→ **WORK REQUEST**
The response should repeat word for word every line below from the one with "2025年四川高考物理类42" to the one with "Gemütliche 2-Zimmer-Ferienwohnung im", inclusive, and nothing else; leave pictures out.

→ **DATASET RECORDS**
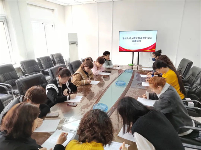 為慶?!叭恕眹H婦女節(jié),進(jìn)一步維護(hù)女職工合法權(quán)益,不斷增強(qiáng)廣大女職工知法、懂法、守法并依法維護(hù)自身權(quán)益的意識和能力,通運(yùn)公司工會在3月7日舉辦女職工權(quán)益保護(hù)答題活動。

...

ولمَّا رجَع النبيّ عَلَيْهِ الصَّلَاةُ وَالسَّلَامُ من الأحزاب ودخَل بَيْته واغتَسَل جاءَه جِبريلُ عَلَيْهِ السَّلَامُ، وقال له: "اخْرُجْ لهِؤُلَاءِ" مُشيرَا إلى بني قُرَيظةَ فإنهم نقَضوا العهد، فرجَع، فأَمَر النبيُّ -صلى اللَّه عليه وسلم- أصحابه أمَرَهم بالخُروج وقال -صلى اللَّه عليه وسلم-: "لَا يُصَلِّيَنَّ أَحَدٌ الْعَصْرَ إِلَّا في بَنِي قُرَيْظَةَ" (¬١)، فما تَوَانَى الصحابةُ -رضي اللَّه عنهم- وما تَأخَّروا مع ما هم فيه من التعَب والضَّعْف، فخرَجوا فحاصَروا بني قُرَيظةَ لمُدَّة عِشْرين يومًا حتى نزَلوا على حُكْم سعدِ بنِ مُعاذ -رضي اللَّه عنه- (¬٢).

* * *

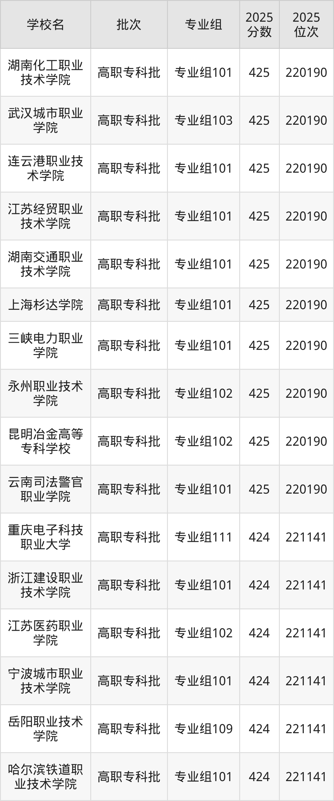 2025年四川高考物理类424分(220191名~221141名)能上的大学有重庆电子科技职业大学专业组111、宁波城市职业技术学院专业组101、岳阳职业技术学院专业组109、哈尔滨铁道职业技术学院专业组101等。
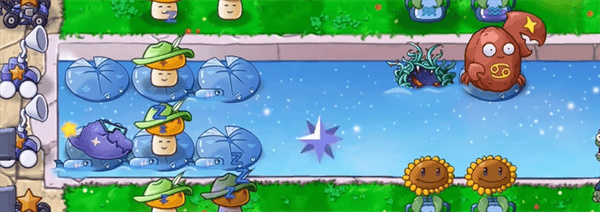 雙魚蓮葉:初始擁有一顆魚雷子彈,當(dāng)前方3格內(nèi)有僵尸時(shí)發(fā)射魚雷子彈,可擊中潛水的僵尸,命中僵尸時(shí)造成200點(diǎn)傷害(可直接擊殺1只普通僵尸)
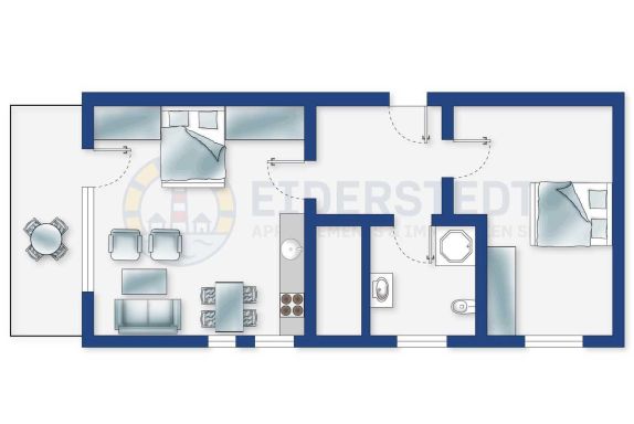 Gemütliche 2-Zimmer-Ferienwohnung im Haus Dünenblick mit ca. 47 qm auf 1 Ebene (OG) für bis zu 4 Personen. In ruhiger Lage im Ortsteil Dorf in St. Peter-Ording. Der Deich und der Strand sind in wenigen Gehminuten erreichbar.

→ **RESPONSE TO THIS TASK**
 2025年四川高考物理类424分(220191名~221141名)能上的大学有重庆电子科技职业大学专业组111、宁波城市职业技术学院专业组101、岳阳职业技术学院专业组109、哈尔滨铁道职业技术学院专业组101等。
 雙魚蓮葉:初始擁有一顆魚雷子彈,當(dāng)前方3格內(nèi)有僵尸時(shí)發(fā)射魚雷子彈,可擊中潛水的僵尸,命中僵尸時(shí)造成200點(diǎn)傷害(可直接擊殺1只普通僵尸)
 Gemütliche 2-Zimmer-Ferienwohnung im Haus Dünenblick mit ca. 47 qm auf 1 Ebene (OG) für bis zu 4 Personen. In ruhiger Lage im Ortsteil Dorf in St. Peter-Ording. Der Deich und der Strand sind in wenigen Gehminuten erreichbar.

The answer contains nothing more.